Photographing Culture
Slide lecture and discussion with Alison Wright

True ethnographic photographers strive to document the evidence of cultural change and avoid romantic idealism. I find that from years of photographing cultures, I have collected data in my images, even if only subconsciously. For instance, while in the Arctic last fall, I was invited to attend an outdoor community feast. My photographs portray women cutting seal and caribou meat with traditional ulu knives, and the group eating raw meat and preparing stews and hot tea. Yet in the background are the SUVs and pick-up trucks in which we all had arrived.
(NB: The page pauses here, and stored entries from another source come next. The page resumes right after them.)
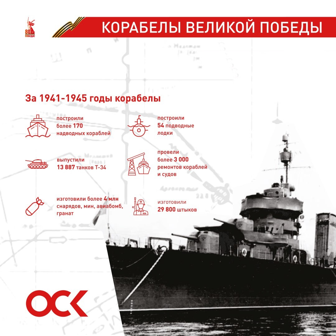 Уважаемые коллеги! Поздравляю вас с Днем Победы! Память о подвиге нашего народа, сокрушившего фашизм и отстоявшего Родину, живет в сердце каждого из нас. В год 80-летия Великой Победы мы по-особому осознаем ее непреходящее значение, понимаем, насколько хрупок мир и как важно его беречь. Сегодня в ОСК собирают и хранят свидетельства военного периода жизни предприятий корпорации, героизма корабелов на фронте и в тылу. Ценой неимоверных усилий рабочие и инженеры по всей стране строили и ремонтировали корабли, выпускали танки, бронепоезда, изготавливали снаряды, вооружение. Конструкторские бюро работали над совершенствованием довоенных проектов и созданием новых. Военно-Морской Флот был обеспечен первоклассными образцами морской техники, мощными кораблями и подводными лодками, которые оказали серьезное влияние на ход боевых действий. Пройдя войну и завоевав Победу, корабелы восстановили разрушенные заводы и подняли кораблестроение, обеспечивая обороноспособность страны уже в мирное время.
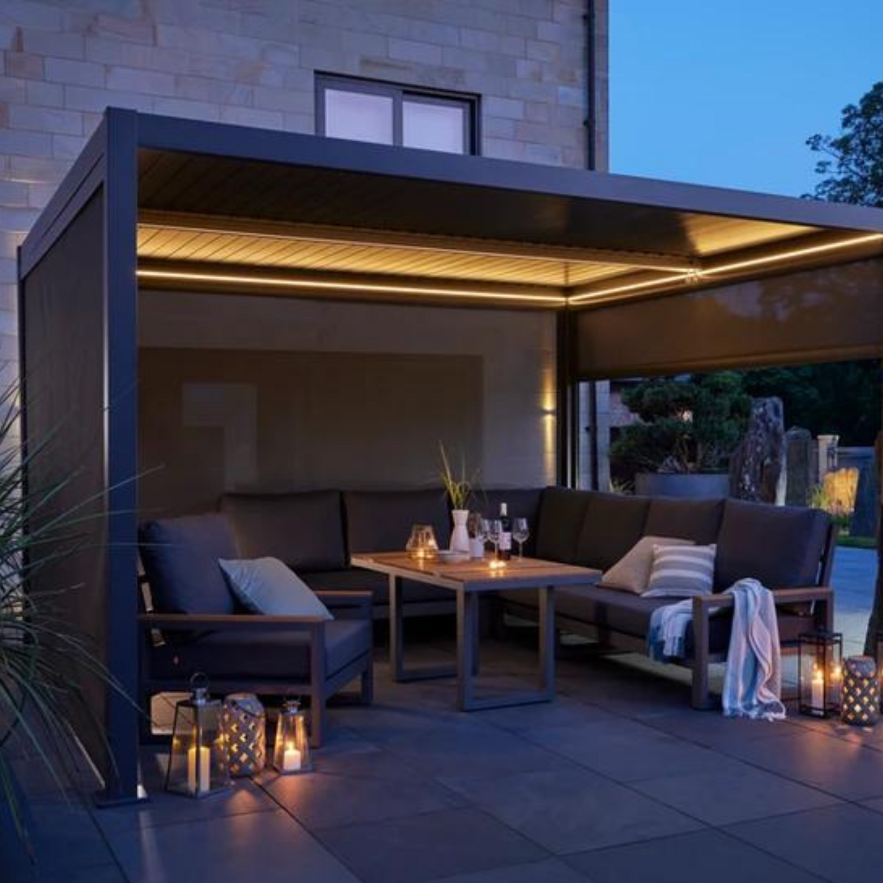 • VERSATILE: Manually operated double-skinned louvres allow versatile opening and closing, offering shelter from the elements.
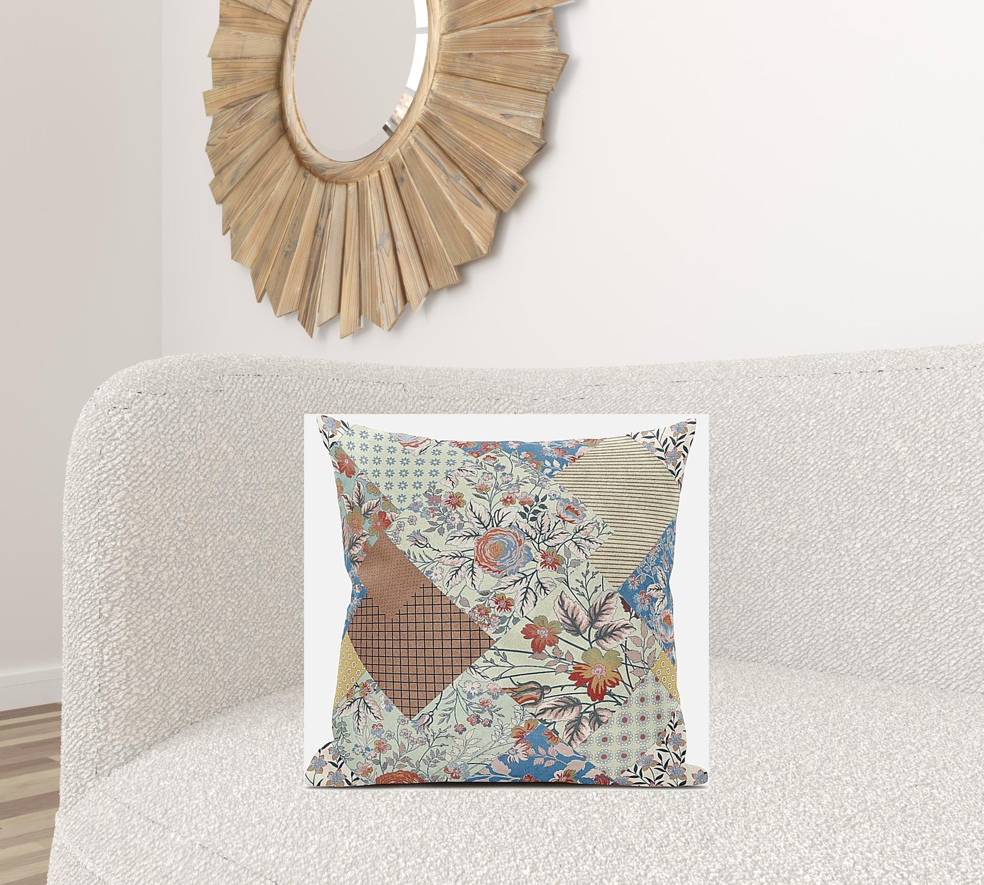 Anchor your living space with warmth and bliss as you bring home this stunning Orange Yellow Floral Suede Throw Pillow. The exquisite patches of floral prints and geometric patterns in muted shades of orange, yellow, white, and blue create an alluring composition of colors to enhance any modern or bohemian home. Crafted in the United States, the delicate drape in suede fabric not only gives this pillow a luxuriously smooth finish with a lustrous appearance but also ensures durability to last for a long time while being easy to maintain. This pillow is blown and filled with a soft polyfill insert for a plush and fluffy look, making it an excellent accent of comfort when placed on the sofa, chair, or bed. Balancing between warm and cool-toned hues, this decorative throw pillow will seamlessly blend in with a variety of interior settings. 18” x 18” x 5”
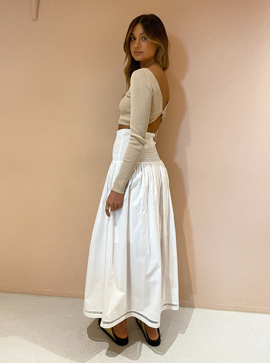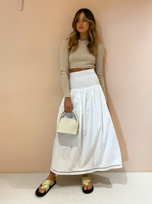 Thoughtfully crafted from an organic cotton poplin, the Yoko Skirt features an elasticised shirred bodice or waistline for endless comfort, falling into a relaxed voluminous skirt with a ladder lace insert along the hemline.
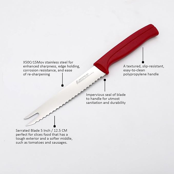 Tomato Knife - MATTSTONE HILL 5 Inch Serrated Kitchen Utility Knife, Serrated Cheese Tools, German X50CrMoV Steel, Red Handle

It would be misleading to the viewer to portray contemporary Inuit living in igloos, riding dog sleds, and wearing only fur, and as a photographer, I question how my choices affect the portrayal of culture. These are some of the issues I will discuss in my lecture. - AW

Baffin Island, Pangnirtung, preparing caribou and seal for local feast, 2000
Color photograph

Alison Wright, a freelance photojournalist based in San Francisco, documents the traditions and challenges of endangered cultures in remote areas around the world. She is the photographer and author of Spirit of Tibet: Portrait of a Culture in Exile, published by Snow Lion Publications in 1998. Her work includes photographic essays on medicinal healers in the Amazon rainforests, the hill tribes of Southeast Asia, Aung San Suu Kyi in Burma, Burmese refugees in Thailand, and Marco Polo's footsteps across the Silk Road of China and Pakistan, as well as life in the outback of Australia, where she lived for two years. Based in Nepal for four years while documenting the plight of children for UNICEF and other aid organizations, Wright received the Dorothea Lange Award in 1993 for her photographs of child labor in Asia. Since then, she has lived with exiled Tibetans in Nepal and India for over a decade, recording their culture and the challenges which exile has brought. In the summer of 2000, her photographs were featured at the Smithsonian Institution in Washington, D.C., as part of their Folklife Festival on Tibetan culture.